### RECORDED INFORMATION
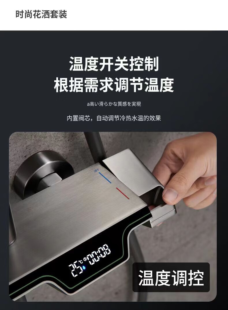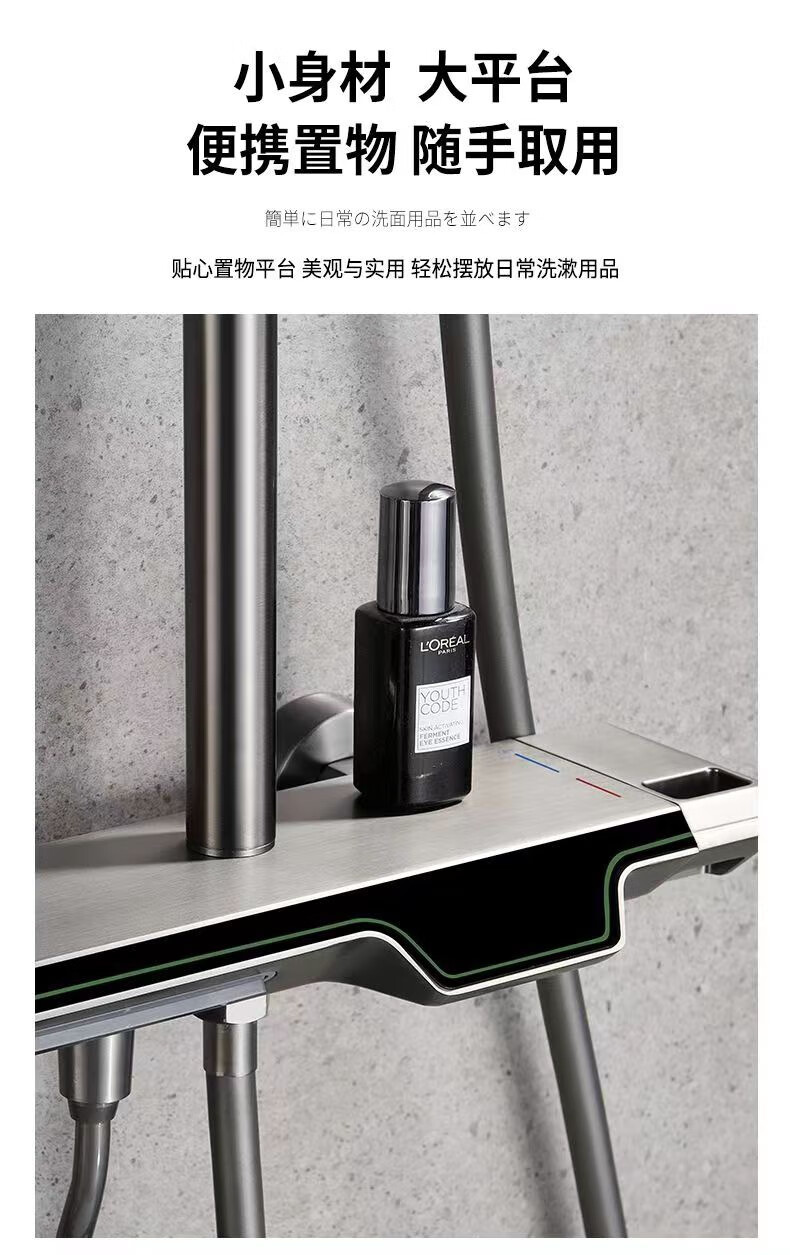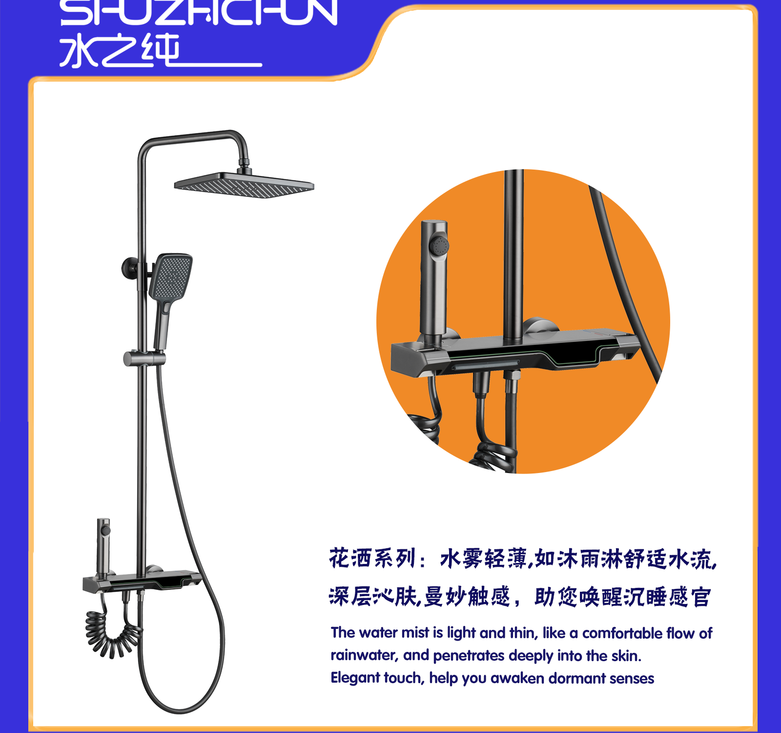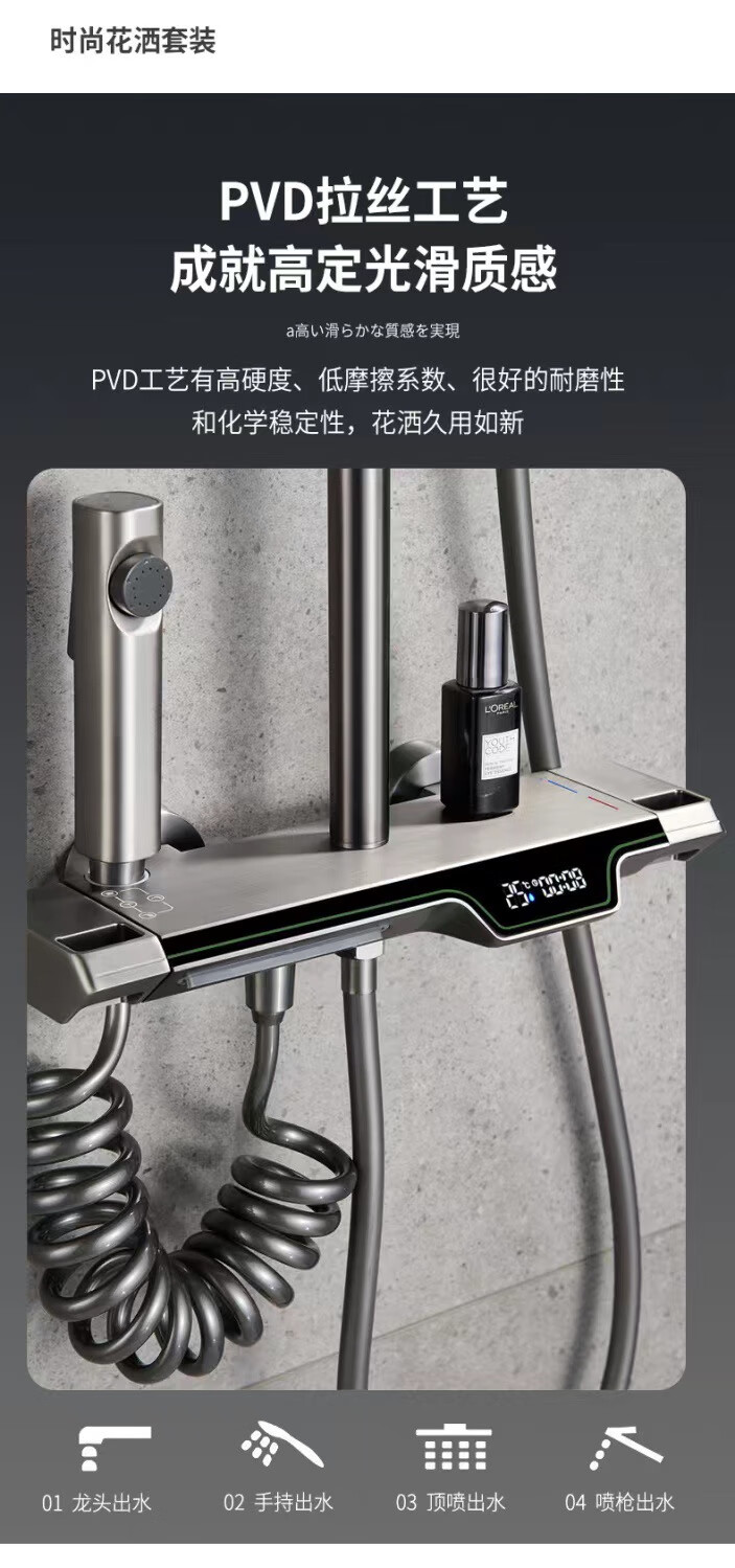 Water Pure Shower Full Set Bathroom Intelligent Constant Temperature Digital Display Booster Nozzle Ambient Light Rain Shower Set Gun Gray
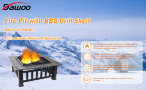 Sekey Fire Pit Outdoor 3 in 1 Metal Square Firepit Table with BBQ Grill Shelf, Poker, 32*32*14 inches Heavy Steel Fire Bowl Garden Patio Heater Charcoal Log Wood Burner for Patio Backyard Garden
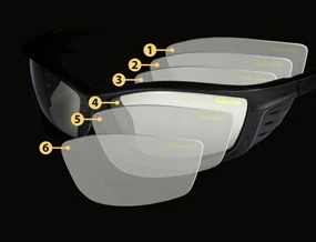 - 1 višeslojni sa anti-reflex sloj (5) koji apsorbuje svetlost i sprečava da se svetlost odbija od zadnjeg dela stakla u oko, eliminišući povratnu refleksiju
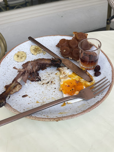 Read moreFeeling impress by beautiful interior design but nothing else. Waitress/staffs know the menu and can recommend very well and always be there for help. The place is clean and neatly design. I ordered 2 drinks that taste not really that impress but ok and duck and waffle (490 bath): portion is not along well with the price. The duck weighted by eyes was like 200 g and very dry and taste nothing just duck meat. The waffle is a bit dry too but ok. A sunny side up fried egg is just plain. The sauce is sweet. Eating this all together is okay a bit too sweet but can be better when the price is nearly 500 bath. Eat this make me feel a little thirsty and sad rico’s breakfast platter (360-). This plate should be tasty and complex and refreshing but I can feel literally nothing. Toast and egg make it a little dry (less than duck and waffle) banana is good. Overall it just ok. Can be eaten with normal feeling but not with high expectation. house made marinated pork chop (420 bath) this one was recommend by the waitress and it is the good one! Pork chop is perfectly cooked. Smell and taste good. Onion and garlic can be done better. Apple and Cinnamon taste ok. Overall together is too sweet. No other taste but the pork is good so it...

### WHAT YOU HAVE TO DO
Look above for the line with "Sekey Fire Pit" and the line with "- 1 višeslojni"; set down those two lines and all lines between them exactly, without pictures and without anything else.

### OUTPUT OF THE EXERCISE
 Sekey Fire Pit Outdoor 3 in 1 Metal Square Firepit Table with BBQ Grill Shelf, Poker, 32*32*14 inches Heavy Steel Fire Bowl Garden Patio Heater Charcoal Log Wood Burner for Patio Backyard Garden
 - 1 višeslojni sa anti-reflex sloj (5) koji apsorbuje svetlost i sprečava da se svetlost odbija od zadnjeg dela stakla u oko, eliminišući povratnu refleksiju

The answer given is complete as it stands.